ABD Endeksleri Dirençlerinde!
Kötü veri yükselişleri bizde olduğu gibi aynı şekilde DOW ve SP500’de de yaşanıyor. Teknik olarak bir konuya dikkat çekmek istyorum! DOW için 14.700-15.650 arasında önemli bir kanal var. Hatta biraz yukarı kayma olsa 15.700 kanal direnci var diyebiliriz. Ben DOW’un bu yatay kanalının şimdilik kırılmasını beklemiyorum. Eğer bu düşüncem doğru çıkarsa, DOW’un önce 15.200 bollinger desteğine, bu destekte tutunamazsa 14.700’deki kanal alt desteğine doğru düzeltmeler ya da realizeler yaşadığına şahit olabiliriz.

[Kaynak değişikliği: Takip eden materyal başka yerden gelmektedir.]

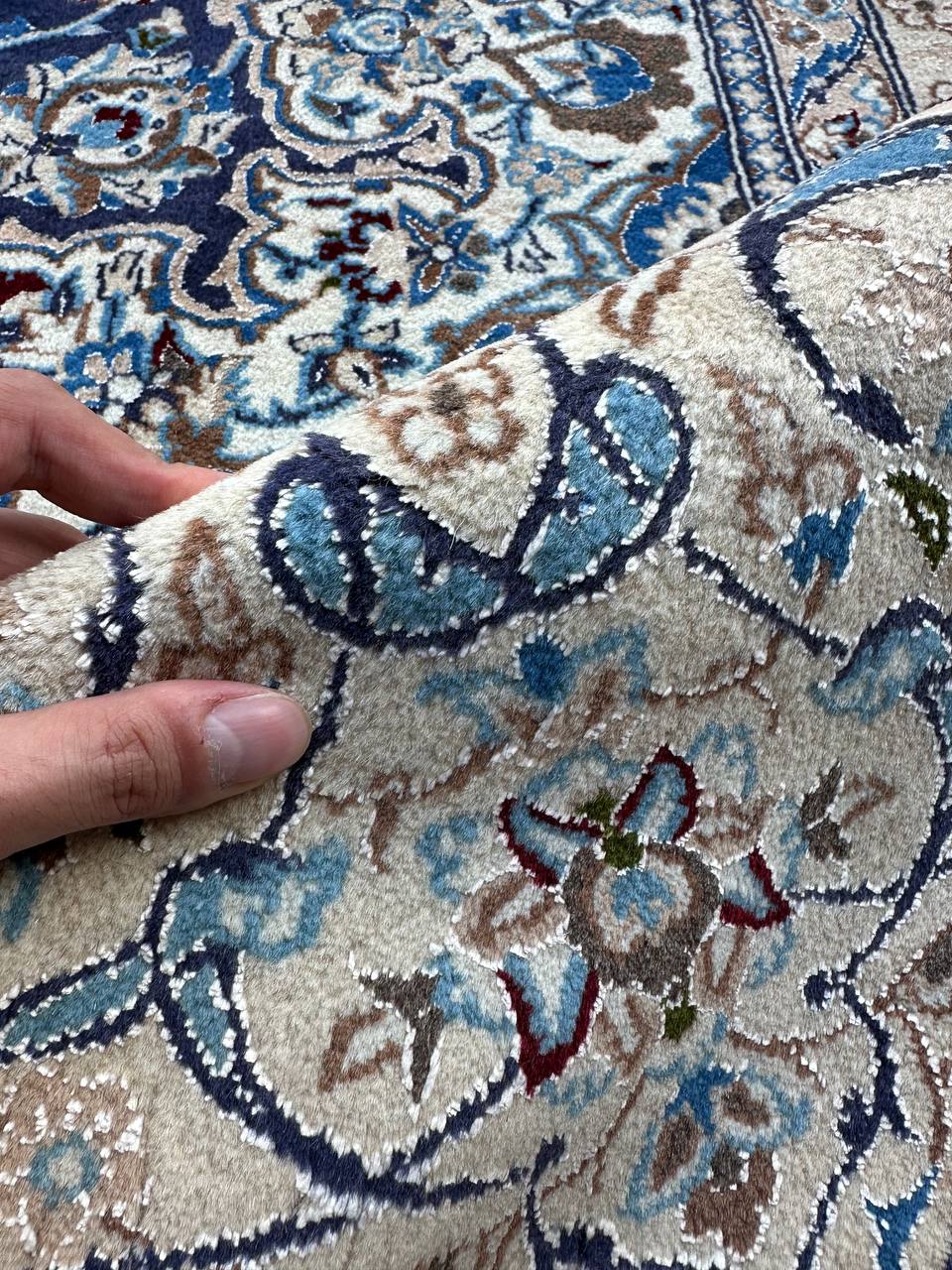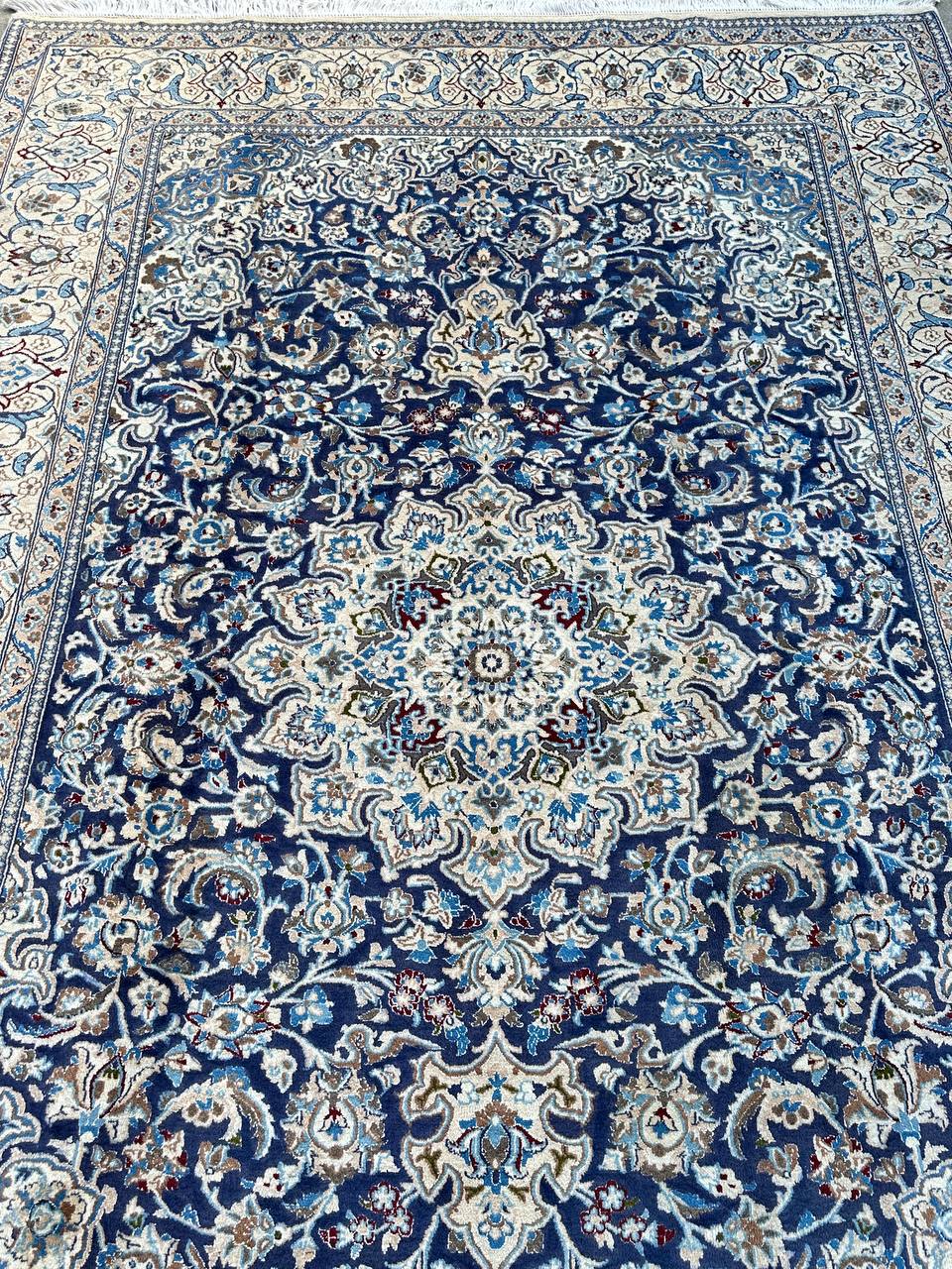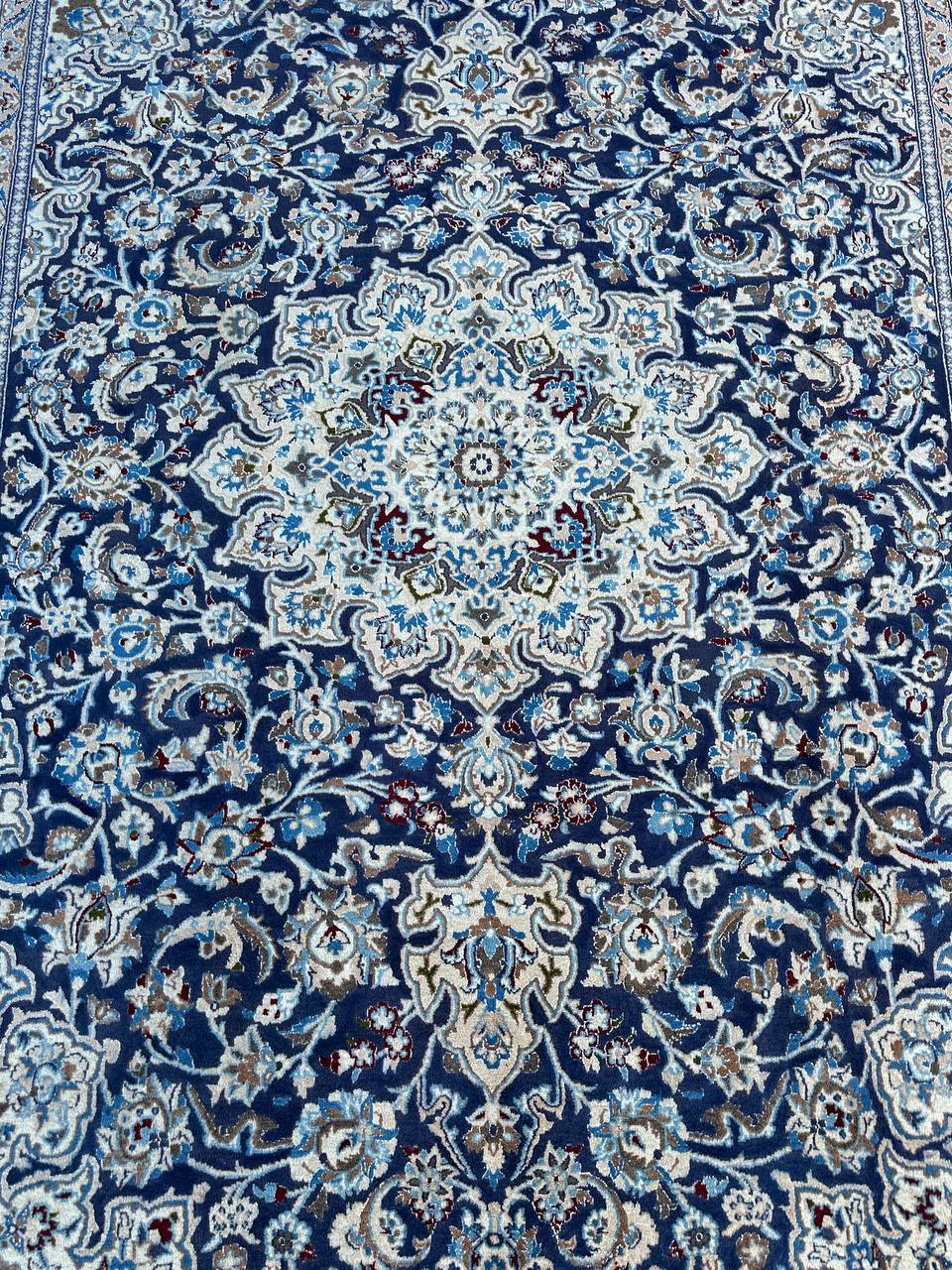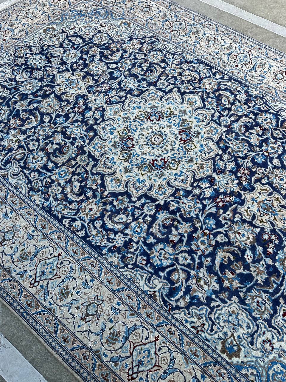 – Elegance Redefined: Immerse your space in the exquisite design of this room-size authentic Persian Nain carpet. Lamb’s wool and silkinlay pile on a cotton base create a luxurious feel, with French blue tones dyed using traditional methods.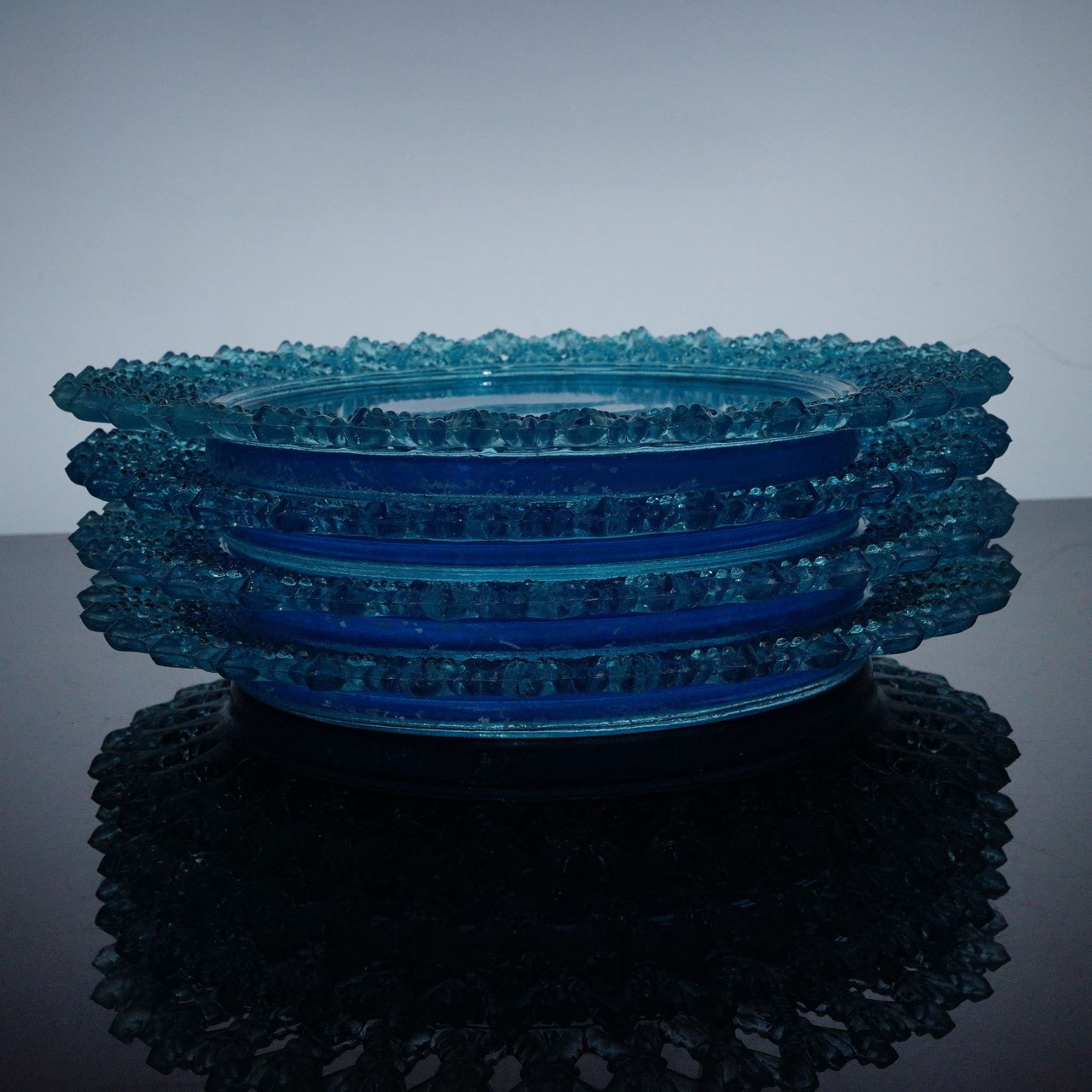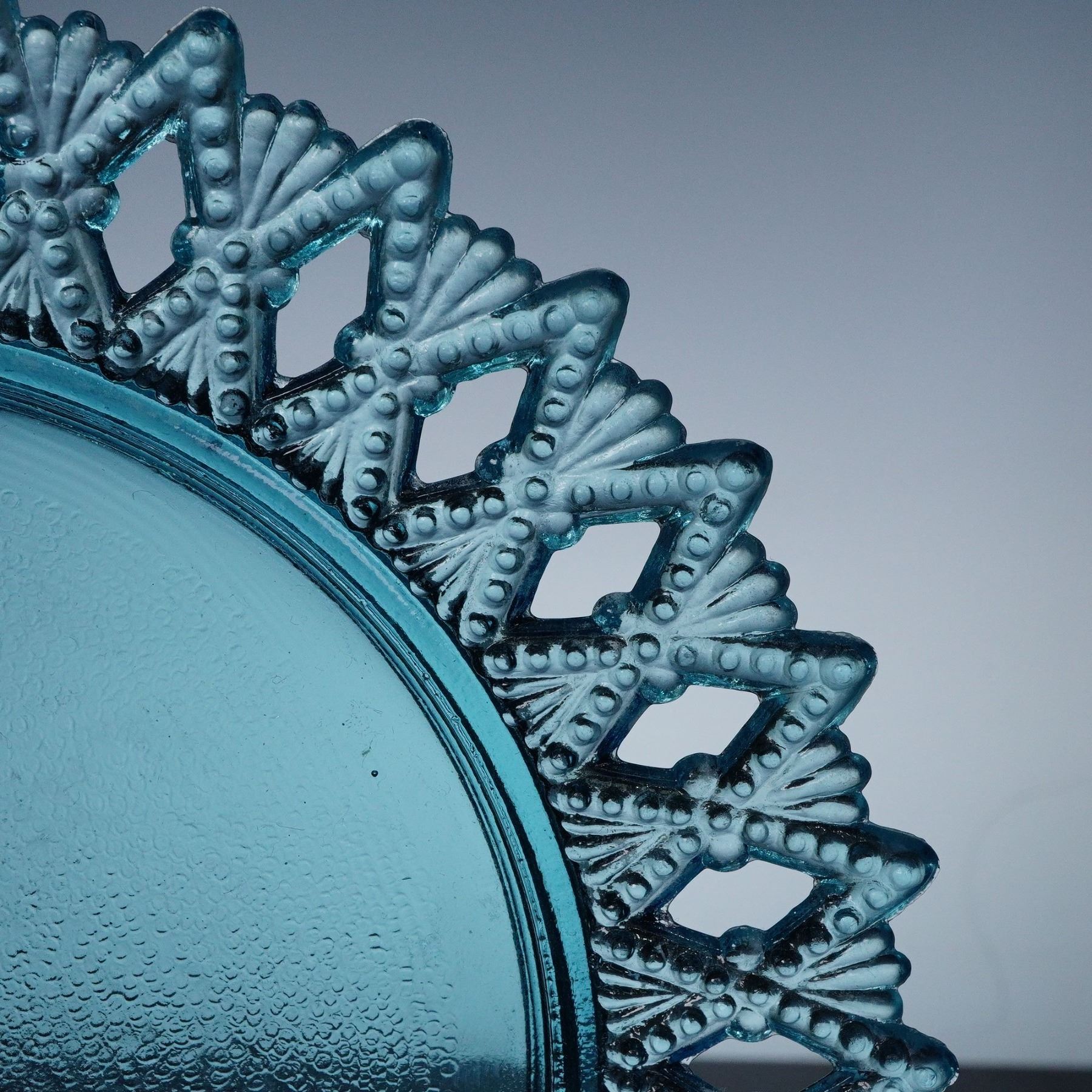 Beautiful set of seven pressed glass plates in vibrant aqua blue, produced by Kemple Wheaton Glass. Each plate features an intricate open lace or "reticulated" rim with shell and fan motifs surrounding a finely textured center. The design combines early American pattern glass charm with mid-century color vibrancy, making this a striking display or serving set for collectors and entertainers alike. The underside of each piece is marked KW, denoting Kemple Wheaton's craftsmanship in decorative glassmaking.

Ancak, sonuçta teknik analiz yorumu yaptığımız için diğer alternatifi de söylemek gerekir! Eğer DOW 15.700 yatay kanal direncini yukarı kırarsa, bu takdirde de 16.700’e doğru ciddi bir yükseliş yaşanır. Böyle bir yükseliş tüm gelişmiş borsalara yansır. Bu nedenle ben her ne kadar bu kanalı kırmasını beklemeyip, bu kanal direncine yaklaştıkça realize beklesem de, 15.700 direnci kırıldığını gördüğünüz takdirde, hızlı bir yükseliş süreci yaşanabileceğini biliniz.